Input
════════════════
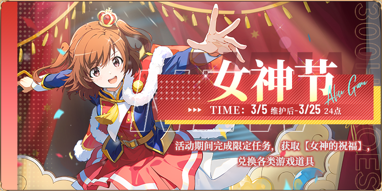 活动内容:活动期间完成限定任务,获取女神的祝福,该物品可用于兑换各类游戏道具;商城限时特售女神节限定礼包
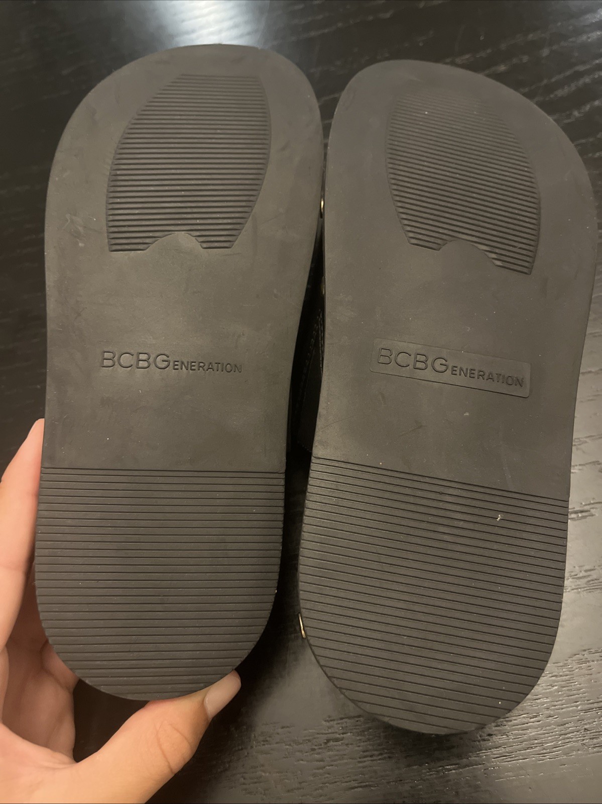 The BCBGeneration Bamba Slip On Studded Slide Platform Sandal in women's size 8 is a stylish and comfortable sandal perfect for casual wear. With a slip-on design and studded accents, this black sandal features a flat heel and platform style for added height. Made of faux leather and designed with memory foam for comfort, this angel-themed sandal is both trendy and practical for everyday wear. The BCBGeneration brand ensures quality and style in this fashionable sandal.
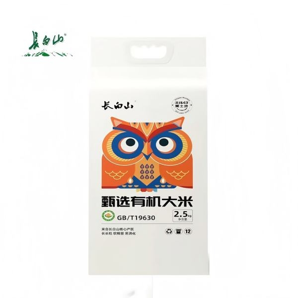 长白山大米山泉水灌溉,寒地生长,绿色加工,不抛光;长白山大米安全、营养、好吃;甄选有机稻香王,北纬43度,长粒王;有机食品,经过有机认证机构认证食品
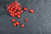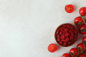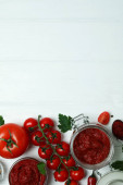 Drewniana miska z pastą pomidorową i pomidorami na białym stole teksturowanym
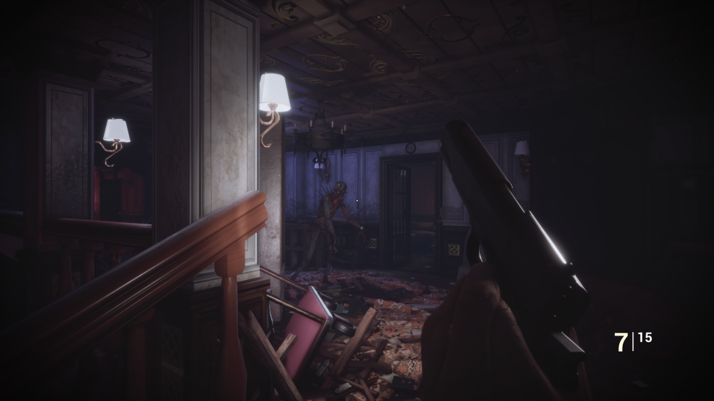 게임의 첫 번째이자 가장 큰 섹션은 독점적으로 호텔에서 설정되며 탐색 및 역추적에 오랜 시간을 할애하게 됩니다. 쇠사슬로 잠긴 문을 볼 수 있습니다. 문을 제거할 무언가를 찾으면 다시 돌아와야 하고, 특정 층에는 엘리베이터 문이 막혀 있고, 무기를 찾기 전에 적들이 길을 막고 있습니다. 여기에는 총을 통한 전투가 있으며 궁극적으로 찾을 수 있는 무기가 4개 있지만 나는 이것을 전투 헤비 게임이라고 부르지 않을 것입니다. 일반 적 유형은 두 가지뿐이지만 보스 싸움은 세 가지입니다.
════════════════
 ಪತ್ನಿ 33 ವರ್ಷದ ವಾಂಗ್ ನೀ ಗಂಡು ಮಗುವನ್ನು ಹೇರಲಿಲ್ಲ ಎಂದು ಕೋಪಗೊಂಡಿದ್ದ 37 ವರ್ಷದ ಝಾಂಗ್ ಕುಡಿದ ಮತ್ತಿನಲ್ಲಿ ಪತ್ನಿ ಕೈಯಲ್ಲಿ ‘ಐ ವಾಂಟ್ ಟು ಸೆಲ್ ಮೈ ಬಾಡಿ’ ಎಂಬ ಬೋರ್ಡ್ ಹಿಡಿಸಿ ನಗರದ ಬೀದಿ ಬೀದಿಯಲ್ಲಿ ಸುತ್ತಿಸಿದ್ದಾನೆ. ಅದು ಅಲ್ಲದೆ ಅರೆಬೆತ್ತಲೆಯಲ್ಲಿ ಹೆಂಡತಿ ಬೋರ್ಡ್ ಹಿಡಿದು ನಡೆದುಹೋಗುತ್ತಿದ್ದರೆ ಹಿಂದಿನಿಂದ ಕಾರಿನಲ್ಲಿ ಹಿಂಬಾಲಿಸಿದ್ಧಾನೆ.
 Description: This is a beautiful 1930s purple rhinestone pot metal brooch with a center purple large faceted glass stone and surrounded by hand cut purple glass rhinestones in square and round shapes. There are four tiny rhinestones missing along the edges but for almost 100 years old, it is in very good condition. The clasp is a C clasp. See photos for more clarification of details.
════════════════
Exercise prompt
In the data above, retype only the stretch from the line with "活动内容:活动期间完成限定任" through the line with "Drewniana miska z", word for word, and skip any pictures.

Expected answer
 活动内容:活动期间完成限定任务,获取女神的祝福,该物品可用于兑换各类游戏道具;商城限时特售女神节限定礼包
 The BCBGeneration Bamba Slip On Studded Slide Platform Sandal in women's size 8 is a stylish and comfortable sandal perfect for casual wear. With a slip-on design and studded accents, this black sandal features a flat heel and platform style for added height. Made of faux leather and designed with memory foam for comfort, this angel-themed sandal is both trendy and practical for everyday wear. The BCBGeneration brand ensures quality and style in this fashionable sandal.
 长白山大米山泉水灌溉,寒地生长,绿色加工,不抛光;长白山大米安全、营养、好吃;甄选有机稻香王,北纬43度,长粒王;有机食品,经过有机认证机构认证食品
 Drewniana miska z pastą pomidorową i pomidorami na białym stole teksturowanym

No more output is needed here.